Wednesday 12 September 2012

Smoothing Skin - The Big Fail In Photoshop

Smoothing skin, airbrushing, making wrinkles disappear... How much of these is OK and how much is too much? Where do we draw the line when we retouch the photo?
Let me go back a little bit and tell you what got me literally enraged. First of all I love photography because when I do things right I get a positive reaction in people that I've never even met before. It's the thing that provides perpetual energy for me - as long as I make people happy with my skills they will keep making me happy back and I will go on taking nice photos. Second, capturing a certain moment requires knowledge, practice, skill and trusting your gut. Taking great photos does not require any Photoshop skills, however Photoshop requires nice big files that can be edited and retouched to look more enticing and interesting to the eye.
Having all this in mind, I keep looking at online galleries of portraits, wedding shots, advertisements and what not photos of people and keep getting disappointed. I see all the pretty colors, nice composition and, to my disgust, the flat, toneless, poreless skin!
Here's some advice on taking photos so you won't have to retouch too much:
  1. Set your lights properly. This means that you should watch for shadows and burns on the skin.
  2. Set the exposure right.
  3. Set a proper ISO. This will give you less grains in the shadowy areas so you won't have to fix that later and lose skin detail there.
  4. Make sure you use a good angle so you won't show too much of any skin imperfections.
The general idea is to take a photo at optimum conditions so we won't have to spend hours airbrushing and trying to recover or hide what we didn't do right with the camera.
Once we get there and load the photos into our editing software here's what I'd suggest:
  1. Do NOT blur it all out! Not even newborn babies have porcelain skin.
  2. Leave some pores. Skin has pores and they are everywhere! This is what skin is all about.
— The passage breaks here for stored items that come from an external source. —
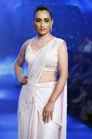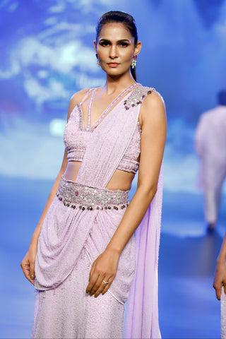 Lilac embroidered sticthed saree set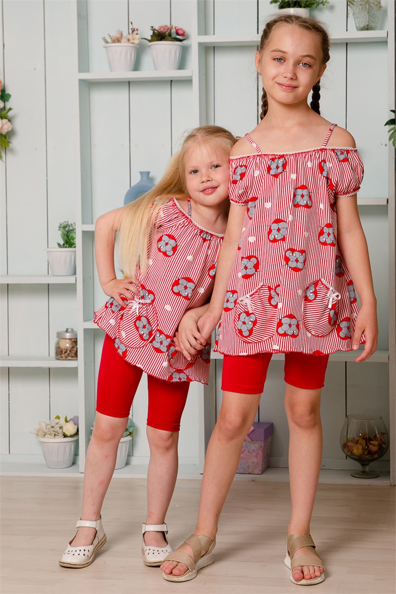 Майка детская летняя. Свободного А-силуэта на тонких бретелях. С двумя декоративными кармашками, на которых настрочены бантики из атласной ленты. Горловина и рукава собраны на кружевную резинку. Все срезы в изделии обработаны декоративной краеобметочной строчкой.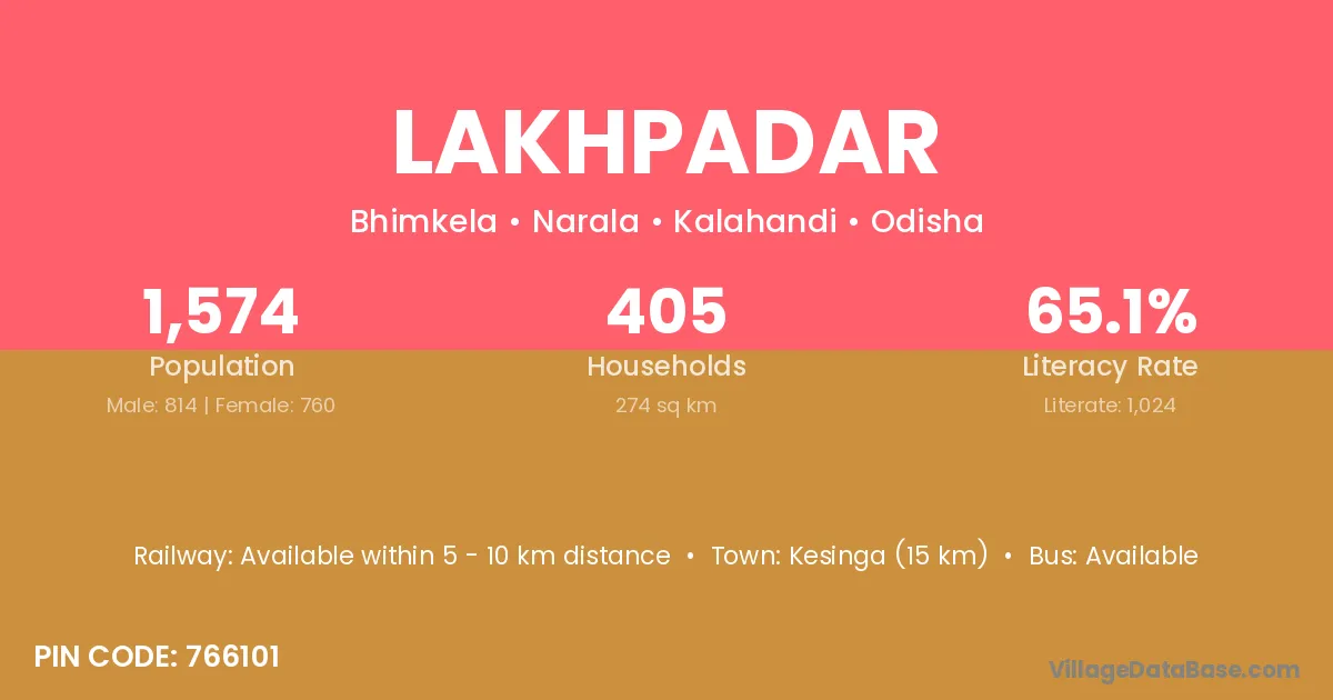 Kesinga (15 km) is the nearest town to Lakhpadar village for major economic activities and is located approximately 15 km away.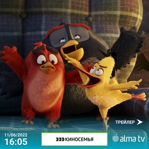 Angry Birds в кино Angry Birds 2 в кино 11/06 сенбі күні сағат 16:05-де «КИНОСЕМЬЯ». 11/06 в субботу в 16:05 на телеканале «КИНОСЕМЬЯ».

  3. Do not sharpen the eyes in exchange for blurring the face. This will make the blurring look even worse.
  4. If you soften the image then soften the entire photo. If you are sharpening some areas make them look natural
  5. Think about what's aesthetic and not about what's smooth.
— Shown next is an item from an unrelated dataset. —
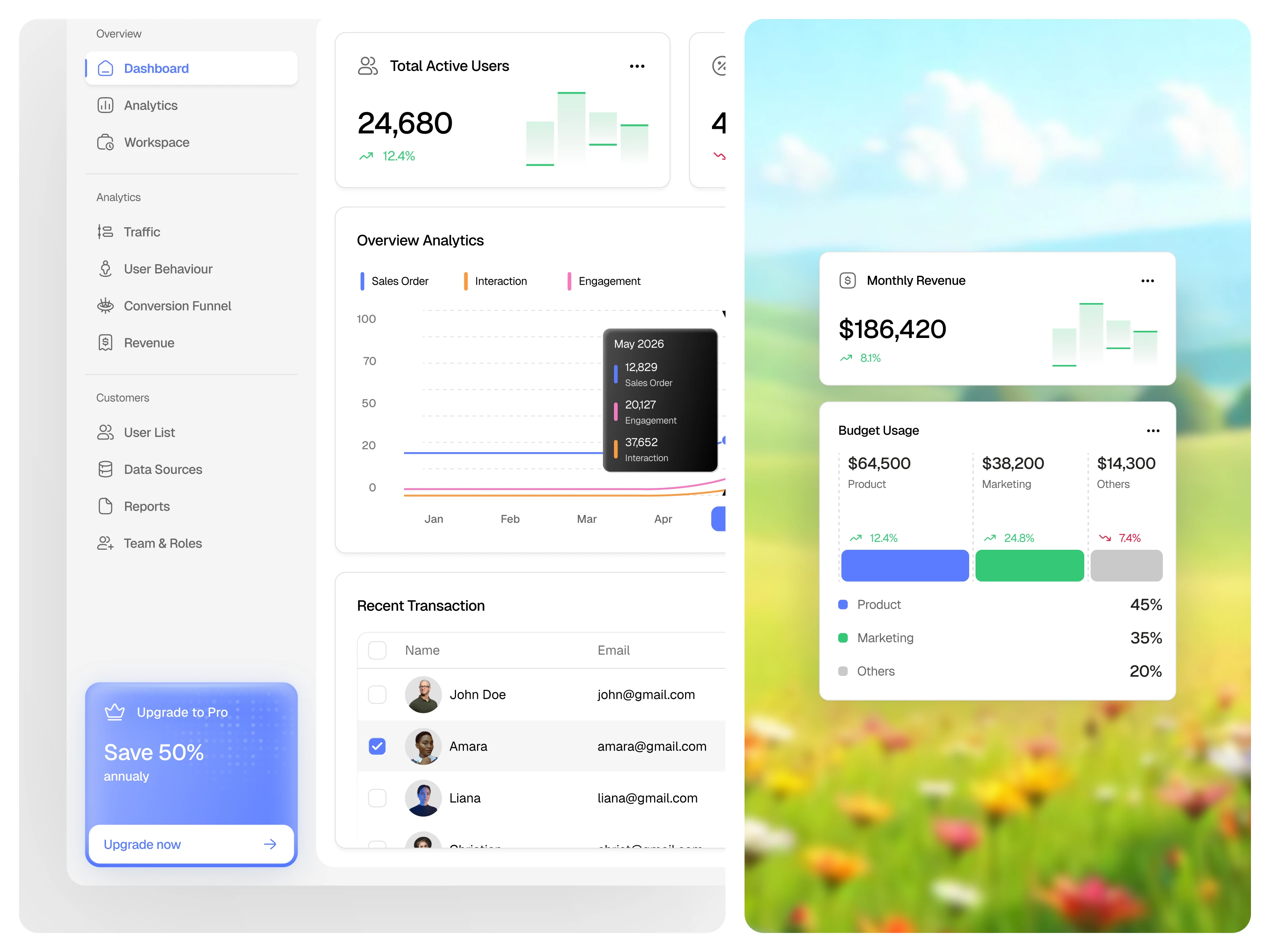 This interface prioritizes clarity, hierarchy, and data readability — helping teams monitor active users, conversion rates, revenue, and budget allocation in one structured view.

I had to write about this because I saw a wedding photo where the husband had his 5 o'clock shadow (no retouch there) and the wife was pale and smooth as porcelain. Come on, who are we fooling? People know what they look like and photographers can't fix that. We can only fix what the photos are like. Let's try and stay real and not cross the thin line between smoothing and wiping. Of course, if our models asked us to wipe their faces clean from pores and wrinkles and we get paid for that... but that's a different story.

Think of a great idea, do a nice setup of lights, find a nice spot... all the rest is less than significant or a matter of chance.